The question came up on the NTDEV mailing list a while back about how the “Scheduler” works in Windows … specifically about what thread it ran on and how it got control.
The answer is that you should ignore this idea that there’s a “scheduler” as an independent entity. It doesn’t exist like that in Windows.
In windows there are basically two functions for scheduling in the dispatcher. The first selects the most appropriate thread to run on a processor at any given time based on a number of factors such as thread priority, thread affinity, ideal processor, etc… . The second initiates a context switch between the current thread and the new one.
The Ke subsystem implements these functions and uses them to schedule threads in a distributed manner. Basically any time a Ke function is called which changes the state of a thread (to block it, to wake it up, to change its priority, to mark it as having exceeded a quantum) that function will invoke these two other functions to see if a different thread should be running and, if so, to swap over to it.

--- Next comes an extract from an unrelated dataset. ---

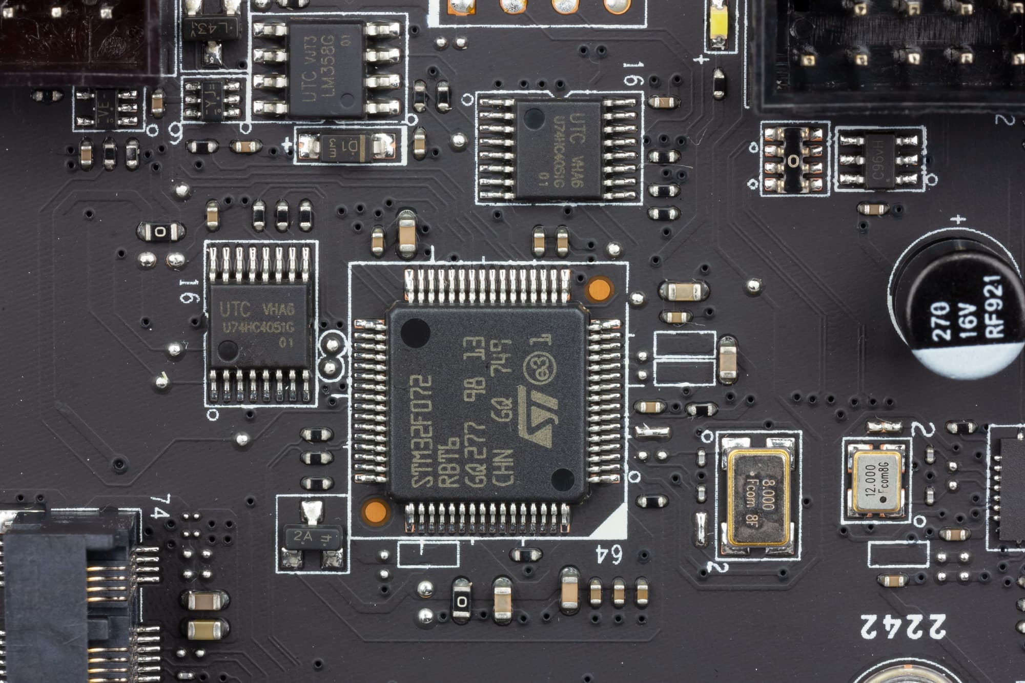 Контроль по синхронизации работы подсветки и вентиляторов возложен на чип STM32F от ST Microelectronics (целый ARM-процессор!).

So you’ve got some user-mode code on a processor. That code will continue to run until it:
- Calls WaitForSingleObject, which calls the NtWaitForSingleObject system call which transitions to kernel mode and (eventually) calls KeWaitForSingleObject. KeWaitForSingleObject links the current thread onto the wait list for the object (say an event) then selects another thread which could be run and does a context switch
Gets a page fault. This triggers the kernel trap handler, which calls the memory manager which will initiate a page-in then calls KeWaitForSingleObject to block the thread until the I/O completes. KeWaitForSingleObject will select a new thread to run and switch to it.
- Is interrupted by a timer interrupt. The kernel’s timer interrupt handler will see if the current thread has run longer than its quota and, if so, will attempt to select a new thread to run. If the current thread is the highest priority thread in the system then it will be left on the processor. Otherwise the kernel code will get select a new one and switch to it.
- Is interrupted by a device interrupt which completes an I/O request initiated by another process. Often this involves boosting the priority of the other process by calling a Ke function. This function sets the new priority, then calls the selection function to see what process should be running on the processor. If there’s a better candidate after the priority boost then Ke will swap to the new thread
There are a number of other conditions which can cause a context switch, and I’ve dramatically oversimplified some of them, but hopefully this will help you get the idea. The responsibility for scheduling in NT is distributed across all threads in the system, which eventually end up in a Ke routine.